The history of Netflix stock and its current value
Netflix was founded all the way back in 1997 by Reed Hastings and Marc Randolph, who had the ingenious idea to provide a convenient movie rental service for the masses. This started out as a postal service, whereby the pair physically mailed movies to one another to test their idea. It evolved to become an online platform in 1998, which wasn’t the service that we’re familiar with today but instead offered sales and rentals rather than streaming. It goes without saying that the company has taken some impressive technological steps into the future over the years and has become the largest streaming library in the market and is the most widely used worldwide, hitting 200 million subscribers in 2020.
The company hasn’t just made tremendous progress in terms of technological advancements, its stock value has an impressive history, which we will delve into in this article and tell you how this market leader is currently fairing in the stock market.
Netflix’s stock in the beginning
If you were one of the intuitive individuals who believed in Netflix (NFLX) when it first started up and decided to purchase its stock, then you’re probably laughing now. When Netflix officially launched in 2002, it was priced at $15 per share, and since it was ranked as the best-performing stock in the Standard & Poor’s 500 Index (S&P 500) between 2010 and 2019, your return on investment would have reached an astounding 34,340% over the company’s 18-year period of operation.
Netflix experiences turbulence
It hasn’t always been plain sailing for the streaming giant, however, as in 2011 the company’s shares encountered some big losses. Much of the reason for this was the company’s betrayal of its loyal customers by demanding that they pay more for their DVD subscription service. Shares of the company also depleted because of its decision to split off into two sister companies, launching ‘Qwikster’, which would focus on the DVD aspect of the business, whilst Netflix would continue to flourish as a streaming service.
This dramatic change caused share prices in the company to fall by nearly 80% since shareholders responded adversely to the loss of subscribers which was caused by this company split.
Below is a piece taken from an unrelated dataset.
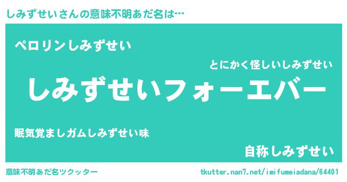 | 欧米人風あだ名 | 『しみずせいクリステル』 |
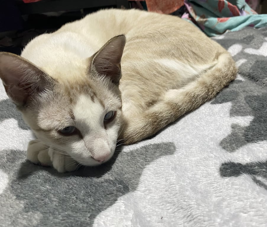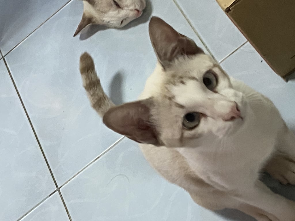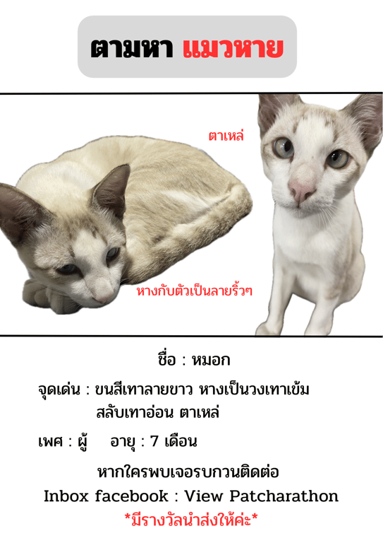 รอยตำหนิ: ตาเหล่ หางเป็นวงเทาเข้มสลับเทาอ่อน

As a result, Netflix back-tracked, canceling all plans to create a sister company, and attempted to reinstate the vital foundations of trust that they previously had with their loyal customers. In their third quarter of 2011, Netflix had almost 810,000 less subscribers than had been recorded in the previous quarter.
A dramatic recovery
Following its 2011 failures, Netflix did in fact follow through with their plans to separate the DVD and streaming services on their site. This meant launching a new and improved model of ‘Qwikster’, which they renamed ‘DVD.com’. This gave its customers the choice, to continue to buy DVDs, or to take a step towards the future and subscribe to their streaming platform. Unsurprisingly, the majority of their customers chose the latter.
As 2012 drew to a close, Netflix’s figures showed that they had gained nearly 10 million subscribers globally on their streaming platform, whilst their DVD site recorded a loss of 400,000 customers. Netflix’s stock prices recovered in response to these impressive streaming figures and by the winter of 2012, its stock price hit its highest levels yet, trading at nearly $400 a share.
Netflix stock’s current value
At the end of 2020, Netflix had a collective subscriber count of 200 million paid members which was a 30% increase on the previous year. This was, of course, driven by the fact that individuals were spending more time at home, due to enforced lockdowns as a result of the coronavirus pandemic. This also enabled Netflix to rack up an impressive profit in 2020 of almost $2.8 billion and its shares increased by over 9% at the start of 2021. You can speculate on the stock prices of market leaders like Netflix when stock trading on Plus500, for example, to keep up to date with the latest price fluctuations.
At the time of writing, Netflix has just released plans to incorporate video games into its subscription packages, for no additional fee. This could see the company gain additional subscribers who have an interest in gaming, perhaps causing them to choose its streaming service over its competitors, influenced by this attractive freebee. This could see the platform further increase its influence in its sector, and who knows the heights that its stock could reach in the future!